Even as heavy artillery, drones, tanks and ammunition pour in, the Ukrainians say Russian forces are probing for weak spots along a 300-mile eastern front. So far, military analysts say, Russia has not made any significant territorial gains since it announced its renewed offensive in the region.
LVIV, Ukraine — On the eve of the most important Christian religious festival of the year, Ukrainians clung to centuries-old Easter traditions in the shadow of a war that has brought devastation and sorrow to much of the country.
At the Greek Catholic Church of the Transfiguration in Lviv’s historic city center, a line of churchgoers stood next to wicker baskets they had brought, covered with embroidered cloths and filled with sausages, smoked hams, Easter breads, butter and cheeses to be blessed by the priest.
At least six people were killed when two cruise missiles struck a residential neighborhood on the outskirts of the Black Sea port city of Odesa on Saturday, Ukrainian officials said. Given the extent of the damage, officials said the number of victims was certain to climb.
“There will be more,” Sergei Nazarov, an aide to Odesa’s mayor, said in a text message.
At least two people were killed when Russian missiles struck residential and military buildings in Odesa, local officials said, and an aide to the president said the toll was at least five dead and 18 wounded. It was the first missile strike on the city since early April, and the assault came one day after a Russian general said that Moscow was intent on controlling all of southern Ukraine.
The Ukrainian military claimed on Saturday that it destroyed a Russian command post in the southern region of Kherson, which has been largely under Russian control since the early days of the war.
The intelligence agency of the Ukrainian defense ministry said in a statement that the Russian command center was located near a location of active clashes between the two forces and two high-ranking Russian officers were present at the time of the strike.
After Russia rejected Ukrainian calls for a pause in fighting for the Orthodox Christian Easter period, Ukraine’s military said that curfews would remain in place for traditional vigils held the night before the holy day on Sunday.
“We must understand that the gathering of civilians at a predetermined time of all-night service can be a target for missiles, aircraft and artillery,” the Ukrainian Ministry of Defense said in a statement issued Saturday morning.
Bolstered by a growing arsenal of heavy weapons supplied by Western allies, Ukraine’s military has launched counteroffensives across their country’s northeast and claimed to have driven Russian forces out of several towns and villages.
The Ukrainian military intelligence agency, however, warned on Saturday that Russia was completing efforts to regroup in eastern Ukraine’s Donetsk region and was probing Ukrainian defenses for weak points before launching a major offensive. It also said that some of the elite Russian fighters who had been engaged in the battle for the southern city of Mariupol are now being dispatched to the Donbas region of eastern Ukraine.
When a Russian commander said this week that gaining full control of southern Ukraine was one of the Kremlin’s military goals, he noted that doing so would give Russia “yet another point of access” to a little-known and internationally unrecognized breakaway republic known as Transnistria.

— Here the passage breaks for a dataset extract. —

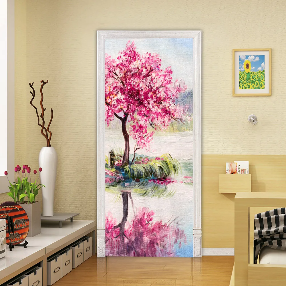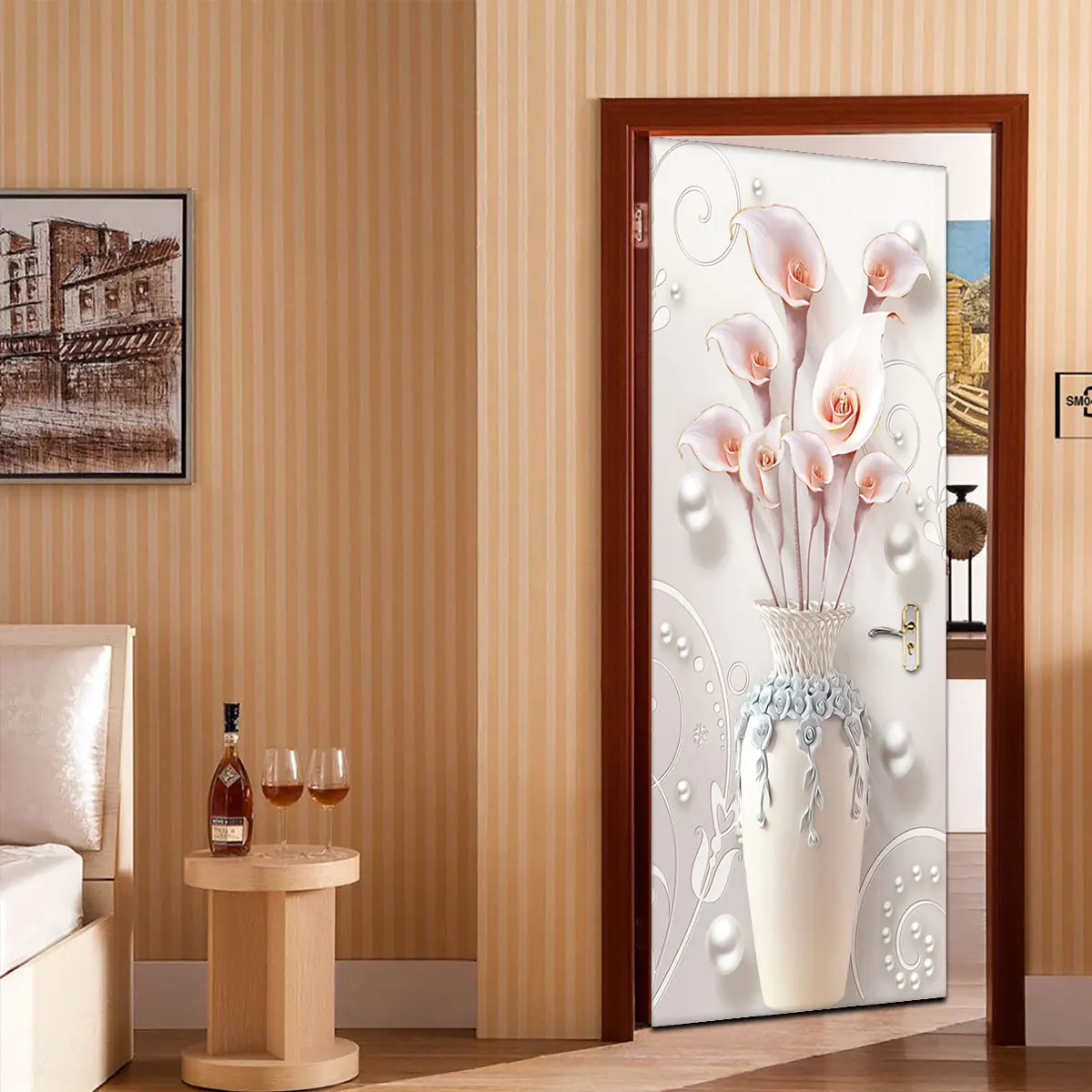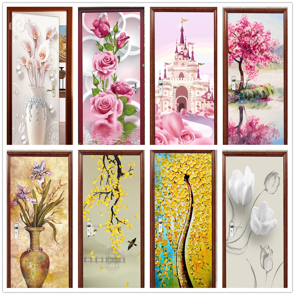 Цветочная наклейка на дверь в спальню, аксессуары для украшения комнаты, водостойкая клейкая наклейка для девочек-подростков, роспись на бумаге

The 250-mile sliver of land that largely runs along the eastern bank of the Dniester River is controlled by Moscow-backed separatists who broke away from Moldova, Ukraine’s neighbor to the southwest, in 1992. Here is a closer look at the enclave.
CHISINAU, Moldova — Before war erupted next door, Moldovans had big plans for their country.
But the Russian invasion of Ukraine put Moldova, a former Soviet republic and one of Europe’s poorest nations, in an extremely vulnerable situation, threatening its economic development, straining its society with waves of refugees and evoking existential fears of yet another Russian occupation.
The wider ambitions a Russian general expressed on Friday — to take southern Ukraine all the way to Moldova, Ukraine’s southwest neighbor — reveal larger truths about Moscow’s agenda, President Volodymyr Zelensky of Ukraine said on Friday.
“This only confirms what I have said many times,” Mr. Zelensky said in his nightly address to the nation. “The Russian invasion of Ukraine was intended only as a beginning, then they want to capture other countries.”
The problems that beset the Russian military in its failed attempt to seize Kyiv are likely to continue into the next phase of the war, according to independent analysts, giving the Ukrainian military a chance to drive back the invading force.
Big militaries fight with tight organization and strict hierarchy, with multiple levels of command ensuring that large forces can move in a coordinated way, but during the current invasion, analysts and U.S. officials have said, the Russian military has abandoned that structure.
Russian authorities opened a criminal case against Vladimir Kara-Murza, a Russian pro-democracy activist and a contributing columnist for The Washington Post, for spreading “false information” about the war in Ukraine, his lawyer said on Friday, making him one of the most prominent targets to date in the Kremlin’s crackdown on opposition to the war.
Mr. Kara-Murza, 40, who was arrested earlier this month, faces 10 years in prison, according to the official decree opening a case against him that was posted online by his lawyer, Vadim Prokhorov, on Friday. It says the activist is being investigated for remarks he made at the Arizona State Legislature on March 15.